* [EXERCISE DETAILS]
The records underneath are to be printed in full and exactly, with no pictures carried over.

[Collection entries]
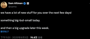 顺便一提,作为毫无惊喜的预告,奥尔特曼同时强调本周晚些时候会有一项“重大更新”。鉴于公司这段日子不断吊业界胃口的举动,市场普遍预期OpenAI下一个重磅更新将是推出GPT-5。
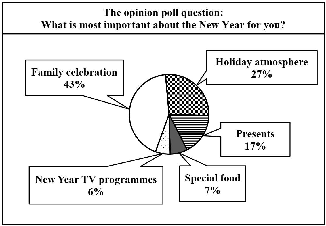 Imagine that you are doing a project on what is most important about the New Year celebration for Zetlanders. You have found some data on the subject – the results of the opinion polls (see the pie chart below).
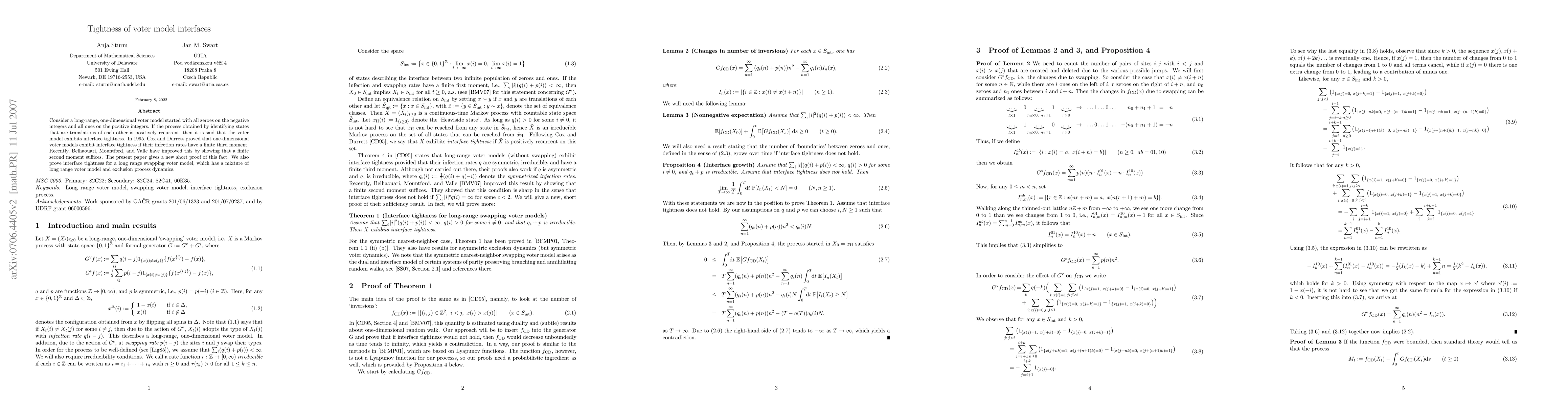 This paper presents a concise proof that one-dimensional voter models exhibit interface tightness when their infection rates have a finite second moment, improving upon previous results. Additionally, it extends this finding to a long-range swapping voter model combining long-range voter dynamics and exclusion process characteristics.
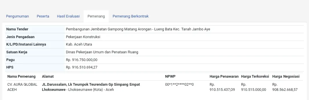 Berdasarkan informasi yang dihimpun, proyek tersebut memiliki pagu anggaran sekitar Rp916.750.000 dan dimenangkan oleh CV Aura Global Aceh yang beralamat di Jalan Darussalam, Kota Lhokseumawe, Provinsi Aceh. Namun, kondisi fisik jembatan yang tampak kusam dan sejumlah bagian plasteran yang terlihat tidak rapi memantik tanda tanya besar.
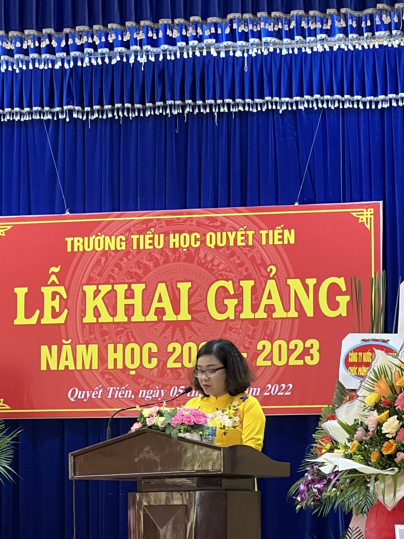 Thay mặt hội đồng sư phạm cùng 430 em học sinh toàn trường, cô Vũ Thúy Hồng - Bí thư Chi bộ, hiệu trưởng nhà trường cảm ơn sự quan tâm sâu sắc của các cấp chính quyền, các Ban ngành đoàn thể, các cơ quan và phụ huynh học sinh đối với thầy và trò trường Tiểu học Quyết Tiến.
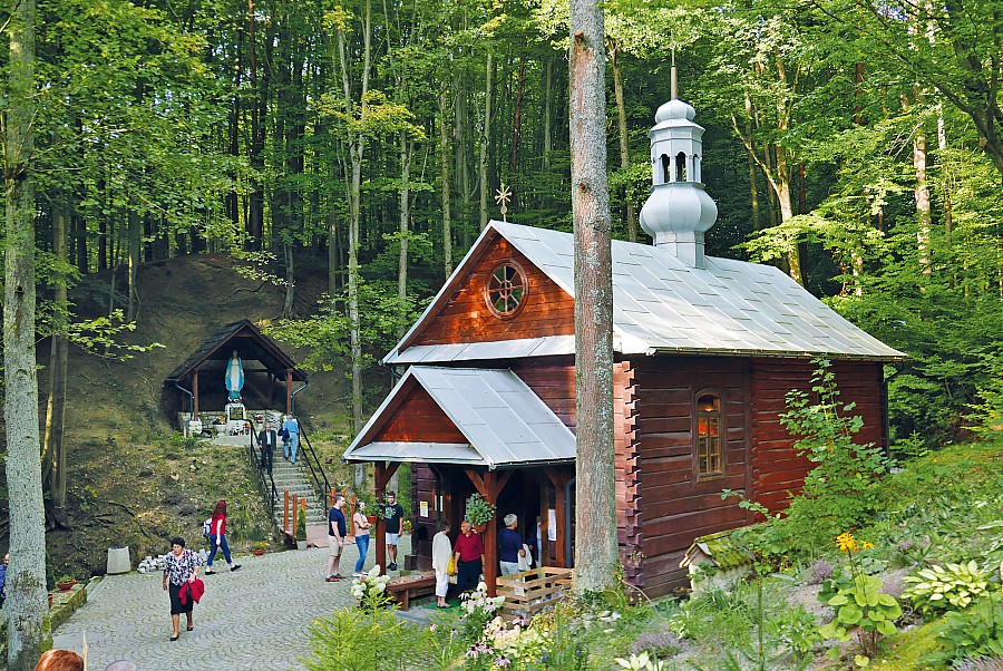 Z Horyńca-Zdroju – uzdrowiska słynącego z najlepszych zasobów borowiny w Polsce pojedziemy do cerkwi w Radrużu i leśnej kaplicy w Nowinach Horynieckich. Zaparkować możemy w centrum zdroju. Z parkingu przy ulicy Mickiewicza kierujemy się deptakiem do przejścia podziemnego. Wychodzimy po drugiej stronie linii kolejowej, obok budynku Informacji Turystycznej. Stąd ulicą Sanatoryjną, prowadzącą wśród domów zdrojowych, kierujemy się na północ. Jedziemy łagodnie falującą drogą asfaltową przez las. W Świdnicy dołącza do nas szlak Green Velo. Na skrzyżowaniu w Nowym Bruśnie skręcamy w prawo, mijamy MOR i po chwili naszym oczom ukaże się piękna drewniana cerkiew św. Paraskewy . Przed nami widokowy podjazd na Hrebciankę. Zalesiony szczyt wzgórza skrywa wiele tajemnic z czasów II wojny światowej. Znajduje się tu sześć bunkrów będących częścią umocnień Lini Mołotowa. Po krótkim zjeździe docieramy do agroturystyki Polanka. Na rozdrożu szlak Green Velo biegnie prosto, my skręcamy w prawo, za znakami czerwonego szlaku rowerowego. Przed nami kolejny podjazd. Po wyjeździe z lasu kierujemy się w prawo i po około dwóch kilometrach docieramy do drogi asfaltowej. Skręcamy w prawo, a następnie w lewo. Droga stromo opada do doliny potoku Dubleń. Docieramy do Nowin Horynieckich. Za drogowskazem kierujemy się w lewo, do kaplicy leśnej. Przejeżdżamy przez wieś, po czym odbijamy w prawo i szutrową drogą wraz z zielonym szlakiem pieszym zjeżdżamy na parking. Leśną alejką docieramy do kaplicy z cudownym źródłem . Dalej trasa prowadzi przepustem pod nasypem linii kolejowej, a następnie stromą ścieżką pod górę do leśnej drogi asfaltowej. Jedziemy nią w prawo przez 1,5 km, po czym odbijamy w lewo, w szutrową drogę, która zaprowadzi nas do drogi wojewódzkiej. Mijając klasztor Franciszkanów, kierujemy się na zachód, do centrum Horyńca-Zdroju. Stąd warto jeszcze pojechać około 3 km na południe, do Radruża, by zobaczyć jeden z najpiękniejszych zespołów cerkiewnych w Polsce . Powrót tą samą drogą.
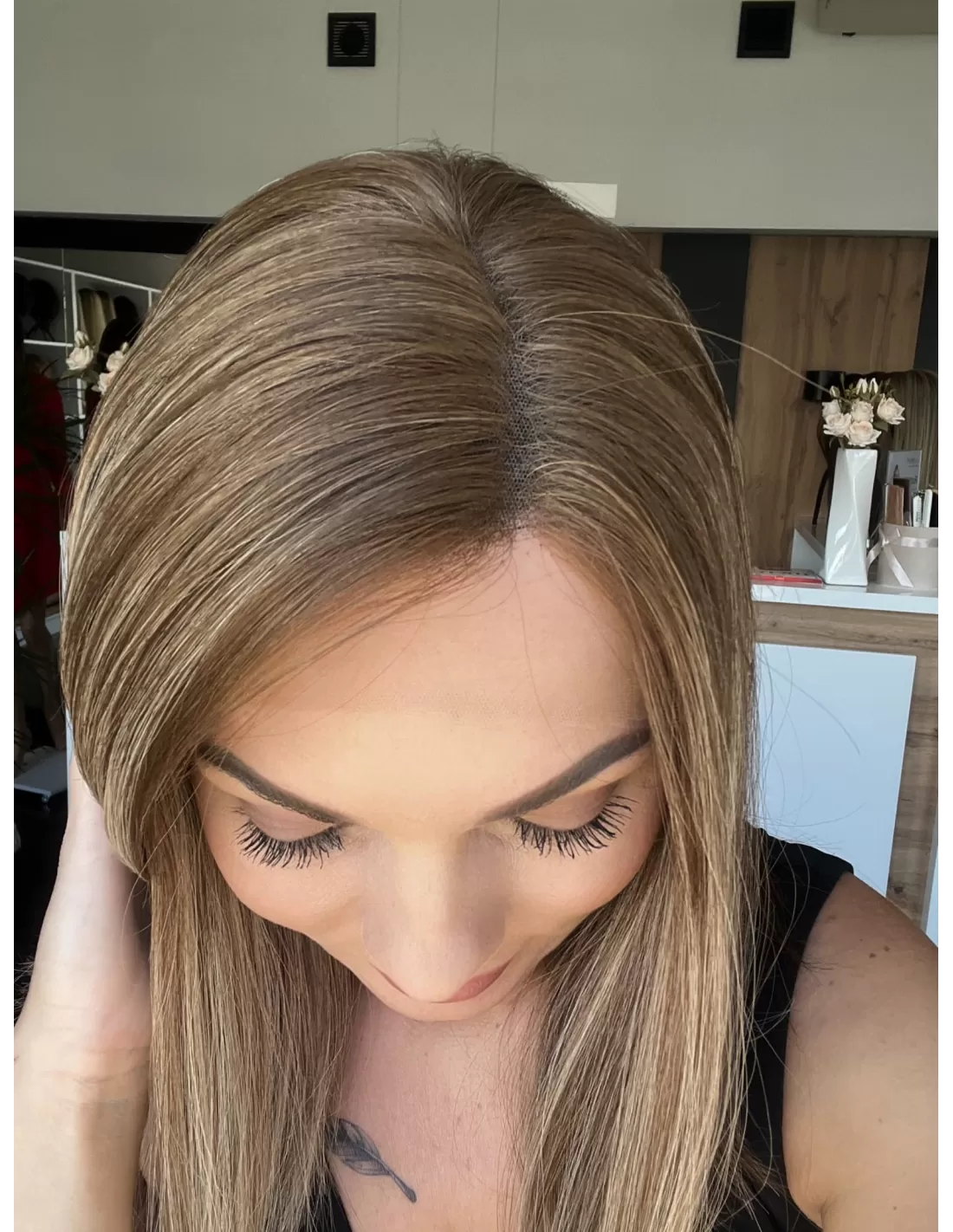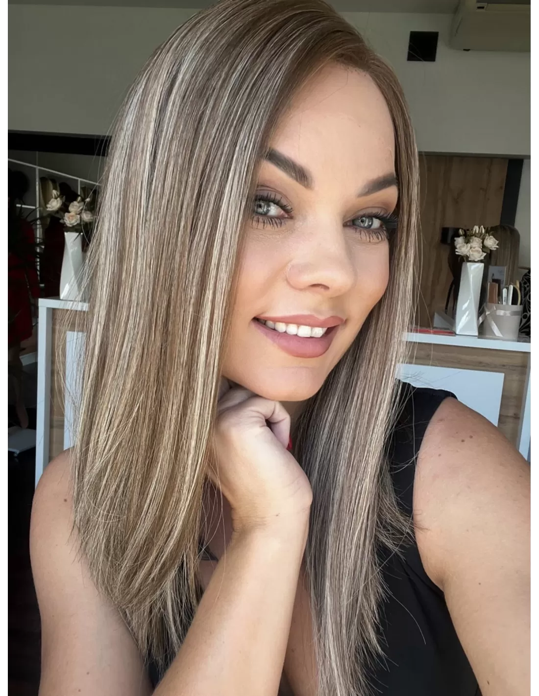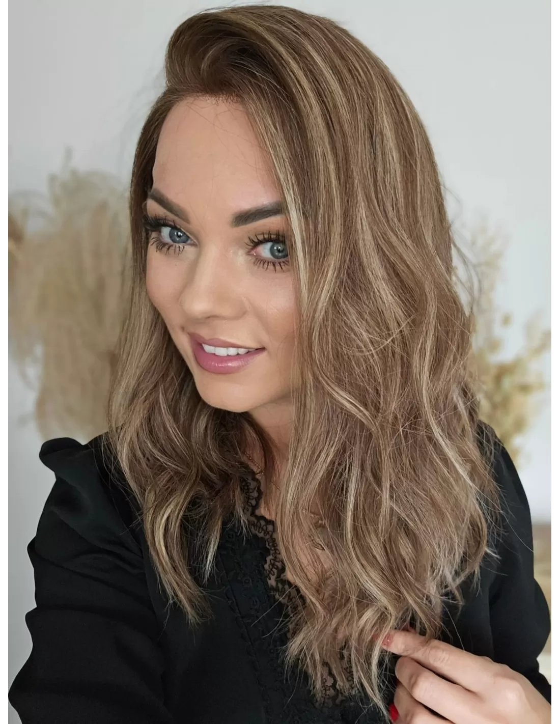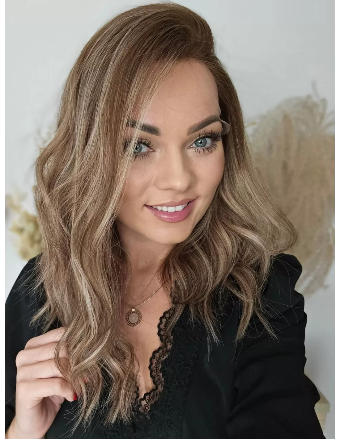 Peruka Kati z włosów naturalnych jest prawdziwym dziełem sztuki. Jej odcień balayage blond to połączenie delikatności i elegancji, z subtelnymi brązowymi pasemkami dodającymi głębi. Kontrast z ciemnym odrostem nadaje jej niepowtarzalnego charakteru. To nie tylko peruka, to wyraz wyjątkowej urody i stylu, który zachwyca i przyciąga uwagę
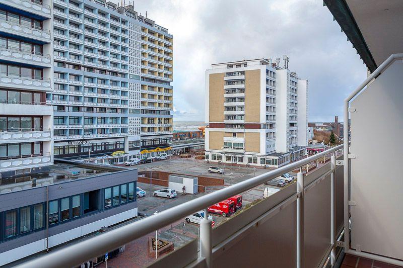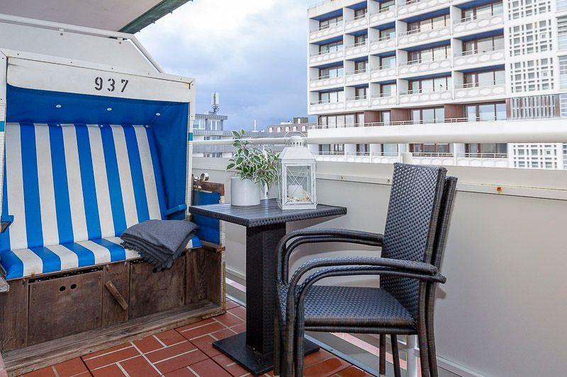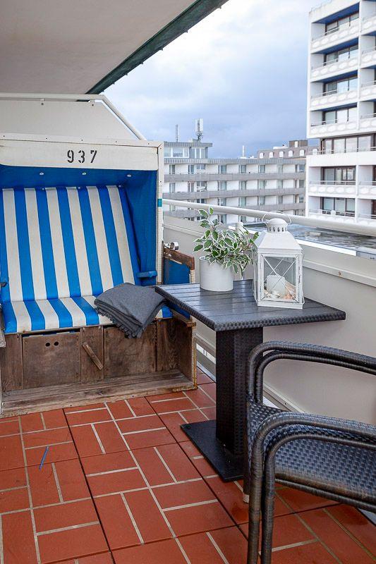 Direkte Strandlage, sonniger großer Balkon, mit kleinem Meerblick.

* [EXERCISE RESPONSE]
 顺便一提,作为毫无惊喜的预告,奥尔特曼同时强调本周晚些时候会有一项“重大更新”。鉴于公司这段日子不断吊业界胃口的举动,市场普遍预期OpenAI下一个重磅更新将是推出GPT-5。
 Imagine that you are doing a project on what is most important about the New Year celebration for Zetlanders. You have found some data on the subject – the results of the opinion polls (see the pie chart below).
 This paper presents a concise proof that one-dimensional voter models exhibit interface tightness when their infection rates have a finite second moment, improving upon previous results. Additionally, it extends this finding to a long-range swapping voter model combining long-range voter dynamics and exclusion process characteristics.
 Berdasarkan informasi yang dihimpun, proyek tersebut memiliki pagu anggaran sekitar Rp916.750.000 dan dimenangkan oleh CV Aura Global Aceh yang beralamat di Jalan Darussalam, Kota Lhokseumawe, Provinsi Aceh. Namun, kondisi fisik jembatan yang tampak kusam dan sejumlah bagian plasteran yang terlihat tidak rapi memantik tanda tanya besar.
 Thay mặt hội đồng sư phạm cùng 430 em học sinh toàn trường, cô Vũ Thúy Hồng - Bí thư Chi bộ, hiệu trưởng nhà trường cảm ơn sự quan tâm sâu sắc của các cấp chính quyền, các Ban ngành đoàn thể, các cơ quan và phụ huynh học sinh đối với thầy và trò trường Tiểu học Quyết Tiến.
 Z Horyńca-Zdroju – uzdrowiska słynącego z najlepszych zasobów borowiny w Polsce pojedziemy do cerkwi w Radrużu i leśnej kaplicy w Nowinach Horynieckich. Zaparkować możemy w centrum zdroju. Z parkingu przy ulicy Mickiewicza kierujemy się deptakiem do przejścia podziemnego. Wychodzimy po drugiej stronie linii kolejowej, obok budynku Informacji Turystycznej. Stąd ulicą Sanatoryjną, prowadzącą wśród domów zdrojowych, kierujemy się na północ. Jedziemy łagodnie falującą drogą asfaltową przez las. W Świdnicy dołącza do nas szlak Green Velo. Na skrzyżowaniu w Nowym Bruśnie skręcamy w prawo, mijamy MOR i po chwili naszym oczom ukaże się piękna drewniana cerkiew św. Paraskewy . Przed nami widokowy podjazd na Hrebciankę. Zalesiony szczyt wzgórza skrywa wiele tajemnic z czasów II wojny światowej. Znajduje się tu sześć bunkrów będących częścią umocnień Lini Mołotowa. Po krótkim zjeździe docieramy do agroturystyki Polanka. Na rozdrożu szlak Green Velo biegnie prosto, my skręcamy w prawo, za znakami czerwonego szlaku rowerowego. Przed nami kolejny podjazd. Po wyjeździe z lasu kierujemy się w prawo i po około dwóch kilometrach docieramy do drogi asfaltowej. Skręcamy w prawo, a następnie w lewo. Droga stromo opada do doliny potoku Dubleń. Docieramy do Nowin Horynieckich. Za drogowskazem kierujemy się w lewo, do kaplicy leśnej. Przejeżdżamy przez wieś, po czym odbijamy w prawo i szutrową drogą wraz z zielonym szlakiem pieszym zjeżdżamy na parking. Leśną alejką docieramy do kaplicy z cudownym źródłem . Dalej trasa prowadzi przepustem pod nasypem linii kolejowej, a następnie stromą ścieżką pod górę do leśnej drogi asfaltowej. Jedziemy nią w prawo przez 1,5 km, po czym odbijamy w lewo, w szutrową drogę, która zaprowadzi nas do drogi wojewódzkiej. Mijając klasztor Franciszkanów, kierujemy się na zachód, do centrum Horyńca-Zdroju. Stąd warto jeszcze pojechać około 3 km na południe, do Radruża, by zobaczyć jeden z najpiękniejszych zespołów cerkiewnych w Polsce . Powrót tą samą drogą.
 Peruka Kati z włosów naturalnych jest prawdziwym dziełem sztuki. Jej odcień balayage blond to połączenie delikatności i elegancji, z subtelnymi brązowymi pasemkami dodającymi głębi. Kontrast z ciemnym odrostem nadaje jej niepowtarzalnego charakteru. To nie tylko peruka, to wyraz wyjątkowej urody i stylu, który zachwyca i przyciąga uwagę
 Direkte Strandlage, sonniger großer Balkon, mit kleinem Meerblick.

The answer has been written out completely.